Insurance Regulations Prohibit an Insurer From Just Standing By Its Repair Estimate When An Insured’s Estimate Demonstrates the Cost to Repair Is More – Another California Practice Tip

Victor Jacobellis | Property Insurance Coverage Law Blog | September 21, 2019

In California, the moment an insured obtains a repair estimate that exceeds the insurer’s estimate, the insurer must either pay the difference or adjust its original estimate. This rule is set forth in the Fair Claims Settlement Practices Act, 10 Cal. Code Regs. § 2695.9(d). Generally, whenever anyone makes an insurance claim, the insurance company will create a scope of work to repair the damaged property and an estimate of what that cost to repair is. The insurer’s estimate does not atomically mean that is the amount of the claim. An insured has the right to get his or her own estimate and the insurer is required to consider that estimate.

The Fair Claims Settlement Practices Act states:

If the claimant subsequently contends, based upon a written estimate which he or she obtains, that necessary repairs will exceed the written estimate prepared by or for the insurer, the insurer shall:

(1) pay the difference between its written estimate and a higher estimate obtained by the claimant; or,

(2) if requested by the claimant, promptly provide the claimant with the name of at least one repair individual or entity that will make the repairs for the amount of the written estimate. The insurer shall cause the damaged property to be restored to no less than its condition prior to the loss and which will allow for repairs in a manner which meets accepted trade standards for good and workmanlike construction at no additional cost to the claimant other than as stated in the policy or as otherwise allowed by these regulations; or,

(3) reasonably adjust any written estimates prepared by the repair individual or entity of the insured’s choice and provide a copy of the adjusted estimate to the claimant.

The insurer has three options: (1) pay the insured’s estimate; (2) negotiate with the insured to rectify the insurer’s and the insured’s estimate or (3) provide a vendor that will make repairs for the amount of the insurer’s estimate. It is important to note that if the insurer recommends a vendor to perform the repairs, it essentially must guaranty that vendor’s work. Thus, the insurance company will undertake an obligation above and beyond its original policy duties.

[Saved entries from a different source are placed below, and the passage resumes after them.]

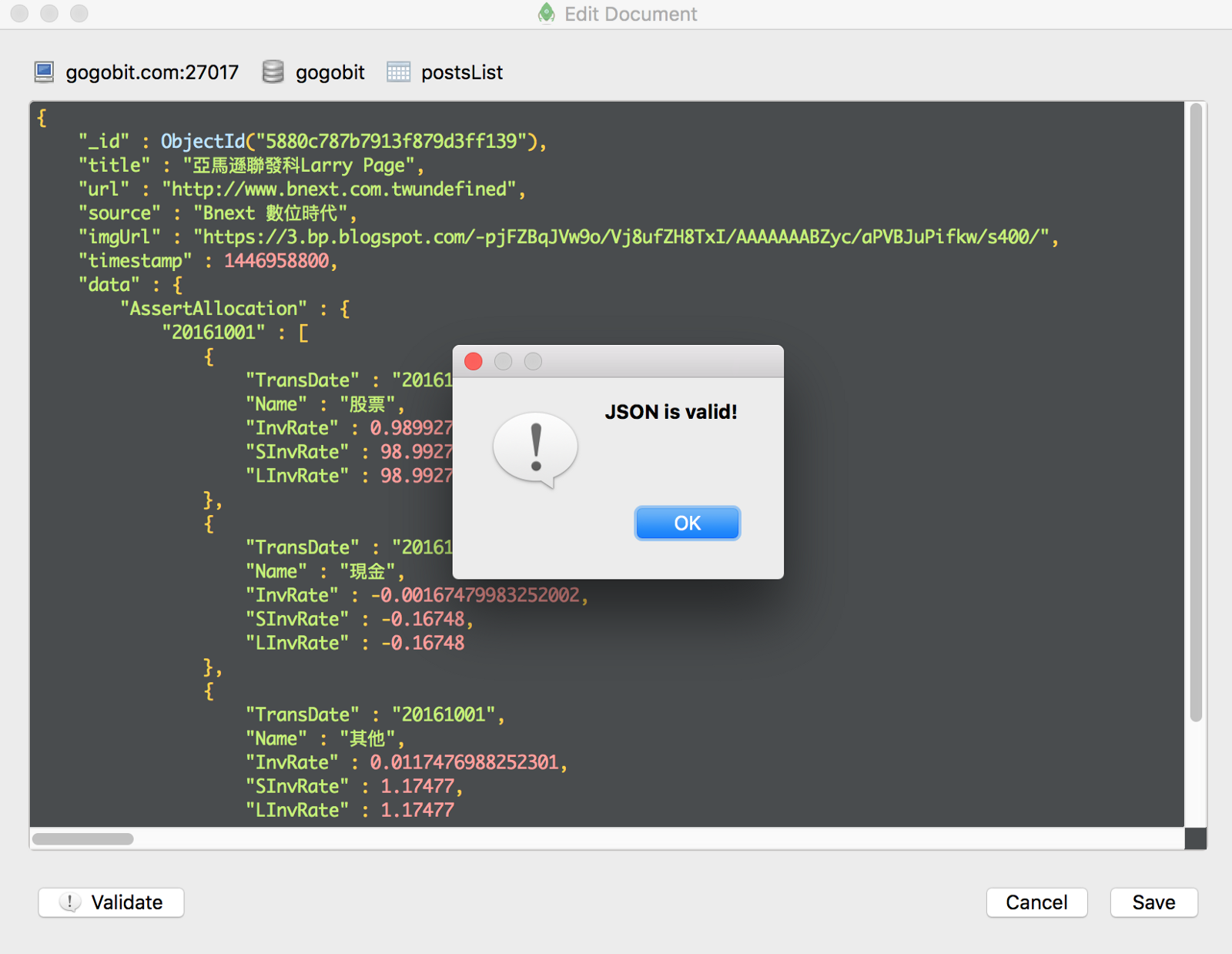 這是我覺得最方便的地方了,在上述綠色的畫面下,右鍵點擊一個 document 就可以選 edit document,進到這畫面可以直接編輯 JSON,更貼心的是左下角有驗證 JSON 格式的選項,可以測試格式正確性。
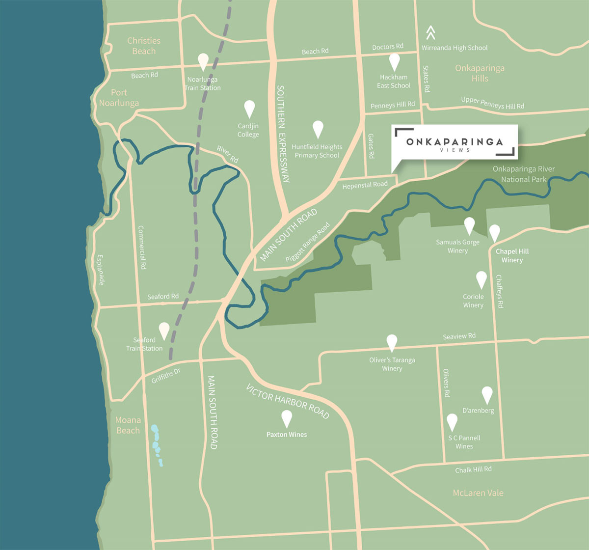Location & Map for Onkaparinga Views Estate - Hackham
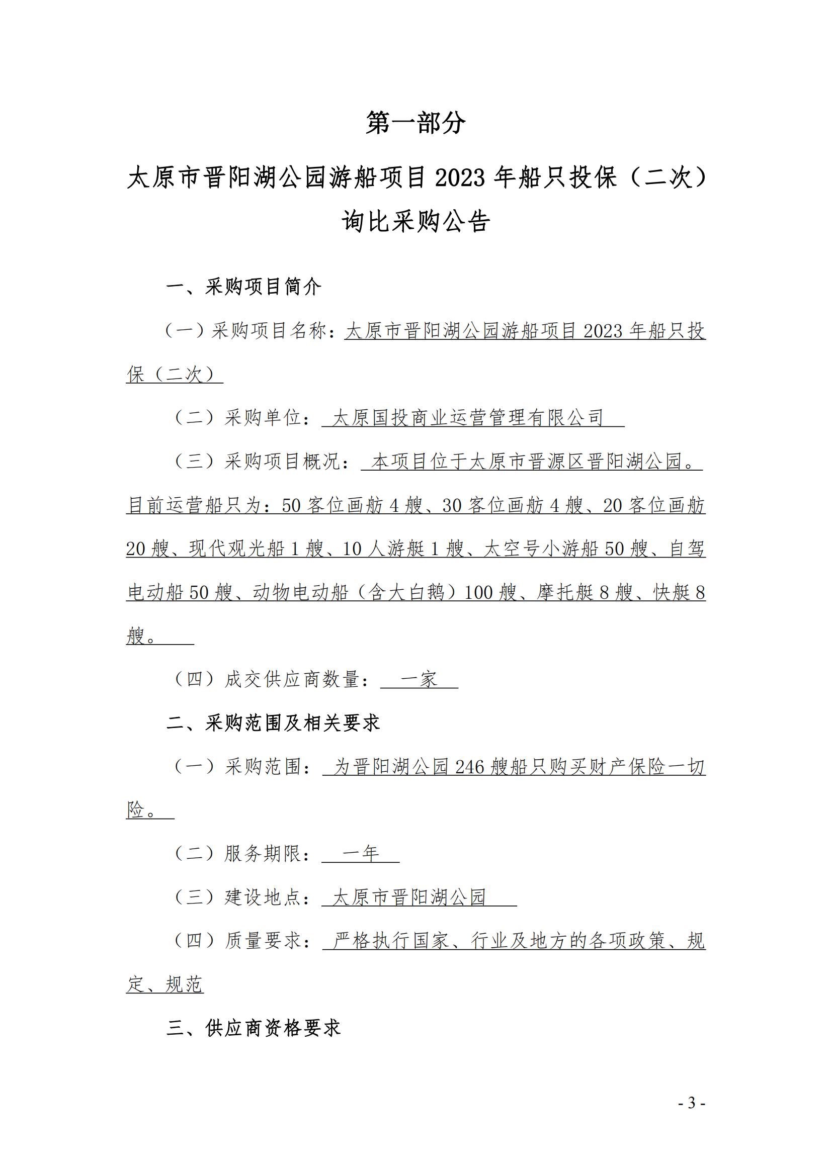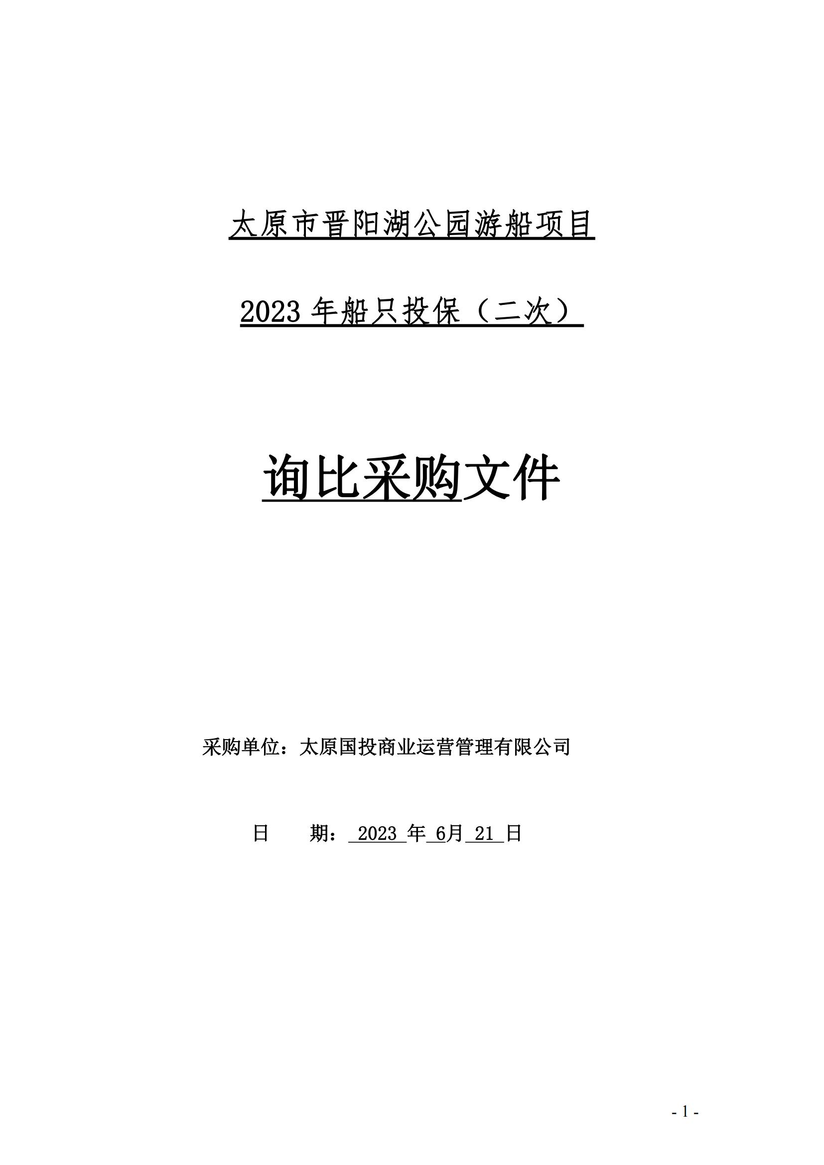 太原市晉陽湖公園游船項目 2023年船只投保(二次)

Whenever an insurer prepares its own estimate there are additional rules imposed on the insurer:

  • The insurer shall supply the claimant with a copy of each document upon which the settlement is based.
  • The estimate prepared by or for the insurer shall be in accordance with applicable policy provisions, of an amount which will restore the damaged property to no less than its condition prior to the loss
  • The estimate must allow for repairs to be made in a manner which meets accepted trade standards for good and workmanlike construction.

It is important to remember all these insurer’s obligations when adjusting a clam. If an insurer does not comply with any of these duties, it should immediately be brought to the insurer’s attention. When bringing a Fair Claims Settlement Practices Act violation to an insurer’s attention, always make sure to state the regulation number. This immediately puts the insurer on notice of their bad faith behavior.